I have a subscription to ASR, to date I have not seen any benefits flow down to me, especially to counter the cost of my 12mnths subscription

However the past 7 weeks or so have been very turbulent and the ASR stance has been not to trade or put through recommendations till the market settles again

On a plus side their site is user friendly and their reports easy to read.

When I did my inital subscription I looked at other reports such as Huntley's, Fat Prophets etc, and at the time ASR had the best sell.

It all depends on what you're looking for I guess, but dont subscribe to them thinking that they are going to tell you where to buy and make money, you need to do your own research.

Just my   ...


----------



## Siraitken

*Re: Australian Stock Report!?*

I have a subscription as well. I think it is good value, but only because i got such a great deal last year, and i just resigned at the same price. There prices over the last year have gone up astronomically. I'm paying $690/yr for the Daily Report which "usually" is $1490/yr. Due to it being the end of the financial year im sure they would be willing to negotiate the price, well they did for me.

Now to the report.
It contains lots of useful information, the tips are generally pretty good.
It has learning guides and many of them. Everyday you get updates on a global scale not just on the local economy. 

I am only 20 years old though, and have minimal capital. So it is quite expensive for me in terms of earning capacity from it. 
I mainly use it as daily learning guide to enhance my investing skills and to see how they, "ASR" approach purchasing stocks. It has made me money but also i have lost a little. If i make money its a bonus. I wouldn't spend $1490 unless i had a reasonable amount of capital.

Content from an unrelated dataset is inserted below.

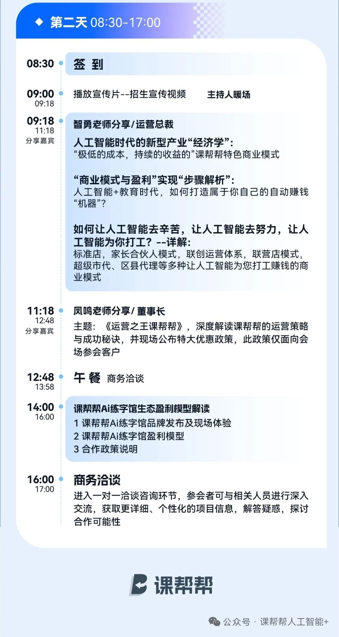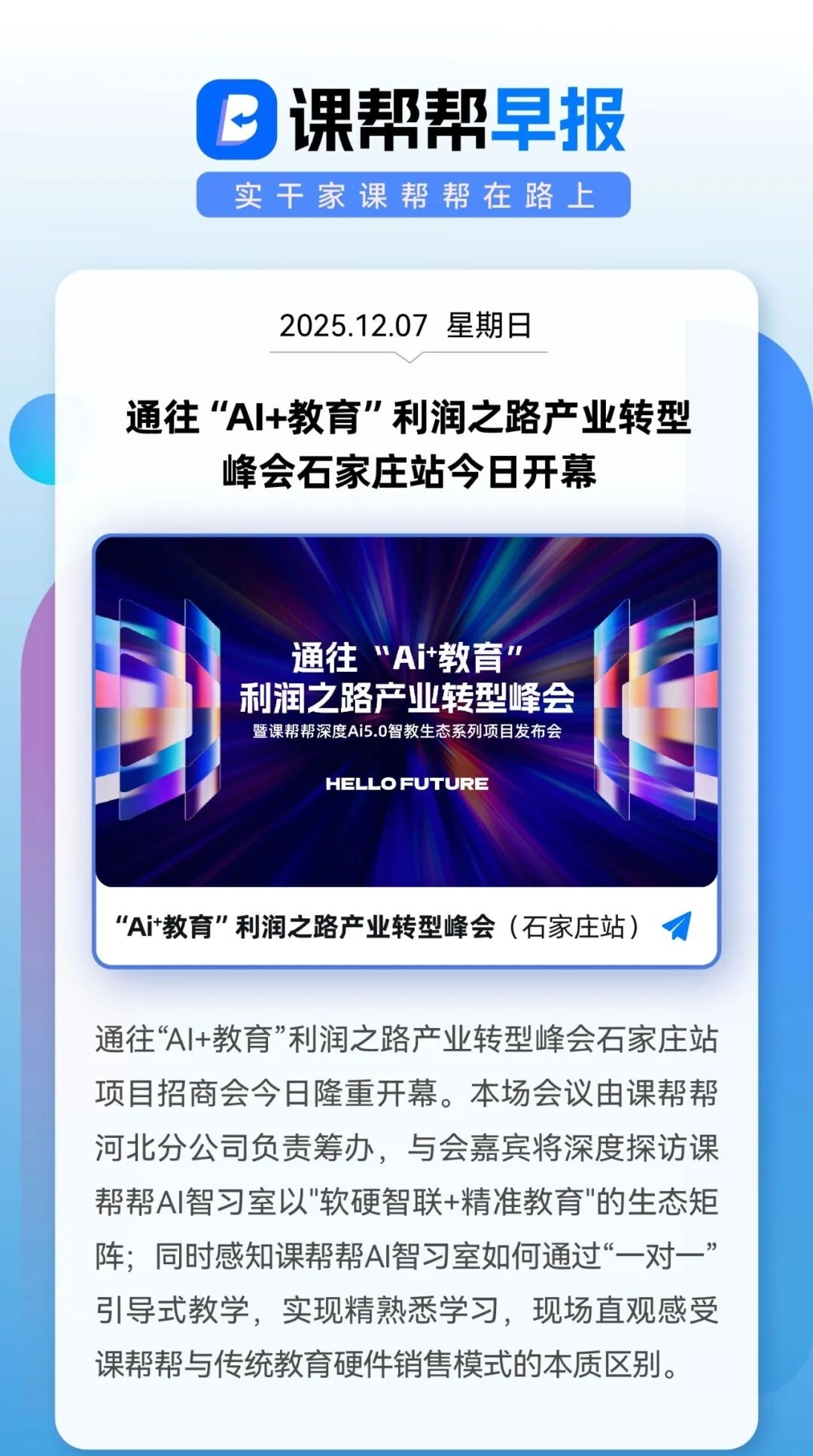 通往"AI+教育"利润之路产业转型峰会石家庄站项目招商会今日隆重开幕。本场会议由课帮帮河北分公司负责筹办,与会嘉宾将深度探访课帮帮AI智习室以"软硬智联+精准教育"的生态矩阵;同时感知课帮帮AI智习室如何通过"一对一"引导式教学,实现精熟悉学习,现场直观感受课帮帮与传统教育硬件销售模式的本质区别。
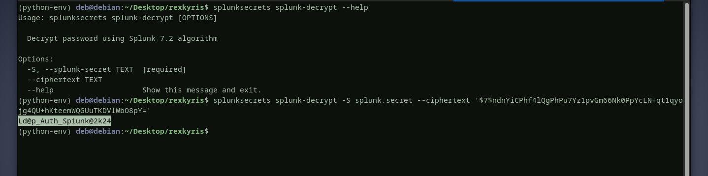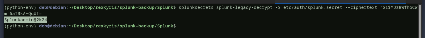 we will decryptthe password using thesplunk secretfound in thebackupjust like we did with paul.

Oh and another thing, dont purchase the professional pack (daily + weekly) because you have access to the same information (guides, knowledge, etc). Only difference between weekly and daily is 5 or 1 report a week.

Hope this helps
Cheers, Dave


----------



## TraderPro

*Re: Australian Stock Report!?*



			
				Siraitken said:
			
		

> I have a subscription as well. I think it is good value, but only because i got such a great deal last year, and i just resigned at the same price. There prices over the last year have gone up astronomically. I'm paying $690/yr for the Daily Report which "usually" is $1490/yr. Due to it being the end of the financial year im sure they would be willing to negotiate the price, well they did for me.
> 
> Now to the report.
> It contains lots of useful information, the tips are generally pretty good.
> It has learning guides and many of them. Everyday you get updates on a global scale not just on the local economy.
> 
> I am only 20 years old though, and have minimal capital. So it is quite expensive for me in terms of earning capacity from it.
> I mainly use it as daily learning guide to enhance my investing skills and to see how they, "ASR" approach purchasing stocks. It has made me money but also i have lost a little. If i make money its a bonus. I wouldn't spend $1490 unless i had a reasonable amount of capital.
> 
> Oh and another thing, dont purchase the professional pack (daily + weekly) because you have access to the same information (guides, knowledge, etc). Only difference between weekly and daily is 5 or 1 report a week.





Hey Dave,
When I first delved into trading and I never did subscribe to any of those services. I like to experiment and analyse things myself and that's my trading style. 

What I would recommend is that you don't become a addicted to the hot tips.    Probably a good exercise is to learn technical analysis, do your own analysis, then compare it with theirs then trade the stock to gain a little more confidence in your own trading.

The downside is that you get influenced by their thinking - which may be right or wrong. (which is one of the reasons why I don't like to discuss or read other people opinions of stocks that I am trading). 

There are so many companies doing this sort of thing now... but I think ASR is definitely one of the bigger players due to their marketing tactics and teaming up with CMC markets.

BTW my Dad subscribed on a "special package" last year. He didn't renew the subscription.


----------



## Realist

*Re: Australian Stock Report!?*



> $1490/yr.




 

No I have not read it or seen it, but I will comment anyway.    

$1490 a year is extortion!!

To make that in profit after tax and brokerage year after year you'd need $10,000 of capital invested.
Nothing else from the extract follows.